Files
TinyTorch/modules/source/12_kernels/README.md
Vijay Janapa Reddi 74f5c140f7 Update module numbering from 00-13 to 01-14 and refresh tagline
- Updated all module references to start from 01 instead of 00
- Changed tagline to 'Build your own ML framework. Start small. Go deep.'
- Added educational foundation section linking to ML Systems book
- Updated README, documentation, CLI examples, and prerequisites
- Regenerated book content with consistent numbering throughout
- Maintains 14 modules total but with natural numbering (01-14)
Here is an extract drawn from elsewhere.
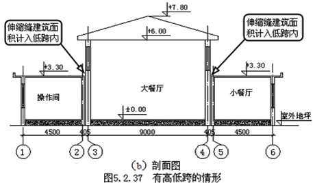25、与室内相通的变形缝,应按其自然层合并在建筑物建筑面积内计算。对于高低联跨的建筑物,当高低跨内部连通时,其变形缝应计算在低跨面积内。

2025-07-15 21:11:07 -04:00

148 lines
5.6 KiB
Markdown

# 🚀 Module 11: Kernels - Hardware-Aware Optimization
## 📊 Module Info
- **Difficulty**: ⭐⭐⭐⭐⭐ Expert
- **Time Estimate**: 8-10 hours
- **Prerequisites**: All previous modules (01-11), especially Compression
- **Next Steps**: Benchmarking, MLOps modules
**Bridge the gap between algorithmic optimization and hardware-level performance engineering**
## 🎯 Learning Objectives
After completing this module, you will:
- Understand how to implement custom ML operations beyond NumPy
- Apply SIMD vectorization and CPU optimization techniques
- Optimize memory layout and access patterns for cache efficiency
- Implement GPU-style parallel computing concepts
- Build comprehensive performance profiling and benchmarking tools
- Create hardware-optimized operations for quantized and pruned models
## 🔗 Connection to Previous Modules
### What You Already Know
- **Compression (Module 10)**: *What* to optimize (model size, computation)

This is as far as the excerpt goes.